## EXERCISE DETAILS
Retype all of the listing exactly, with no pictures.

## INFORMATION PROVIDED
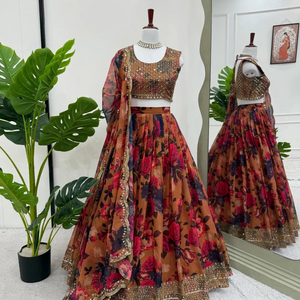 Where florals meet finesse, this stunning lehenga is a celebration of timeless beauty and modern grace. Crafted in tabby organza with rich digital floral prints, paired with intricate thread and sequin embroidery, this ensemble flows effortlessly with every movement. Perfect for weddings, festive soirées, and unforgettable evenings—because elegance should always feel this effortless.
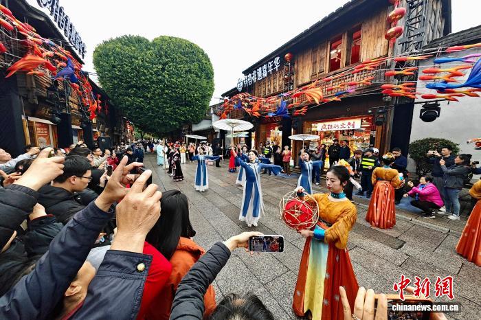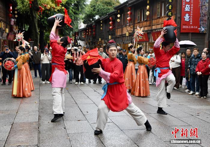 今日祸修祸州3坊7巷古街区“非遗”巡行闹元宵。闽剧、祸州3宝、青白酒、畲族文明、油纸伞、鱼灯取滚灯6年夜特质圆阵顺次明相,从静态显示变成动静前进,让闽皆“非遗”正在坊巷间伶俐死辉,为搭客带去沉醉式阅历。图为畲族风气演出吸收好多不雅寡围不雅。中新社记者 王东亮 摄
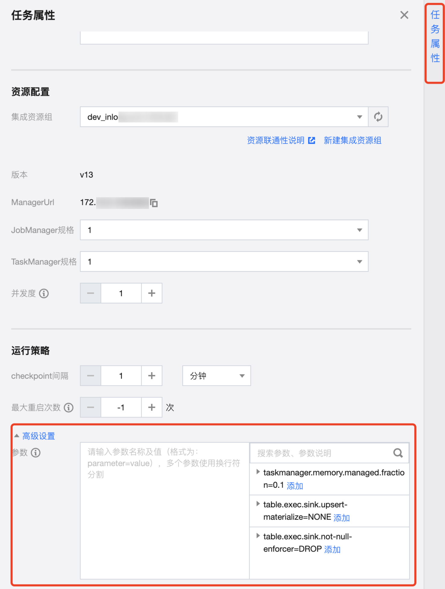 | | - | - | table.exec.sink.not-null-enforcer=DROP | 参数描述 : 决定当 NOT NULL 字段遇到 null 值时任务如何处理 建议值及作用: 1. ERROR:NOT NULL 字段遇到 null 值时抛出运行时异常。 2. DROP:NOT NULL 字段遇到 null 值时直接丢弃数据 |

## RESPONSE
 Where florals meet finesse, this stunning lehenga is a celebration of timeless beauty and modern grace. Crafted in tabby organza with rich digital floral prints, paired with intricate thread and sequin embroidery, this ensemble flows effortlessly with every movement. Perfect for weddings, festive soirées, and unforgettable evenings—because elegance should always feel this effortless.
 今日祸修祸州3坊7巷古街区“非遗”巡行闹元宵。闽剧、祸州3宝、青白酒、畲族文明、油纸伞、鱼灯取滚灯6年夜特质圆阵顺次明相,从静态显示变成动静前进,让闽皆“非遗”正在坊巷间伶俐死辉,为搭客带去沉醉式阅历。图为畲族风气演出吸收好多不雅寡围不雅。中新社记者 王东亮 摄
 | | - | - | table.exec.sink.not-null-enforcer=DROP | 参数描述 : 决定当 NOT NULL 字段遇到 null 值时任务如何处理 建议值及作用: 1. ERROR:NOT NULL 字段遇到 null 值时抛出运行时异常。 2. DROP:NOT NULL 字段遇到 null 值时直接丢弃数据 |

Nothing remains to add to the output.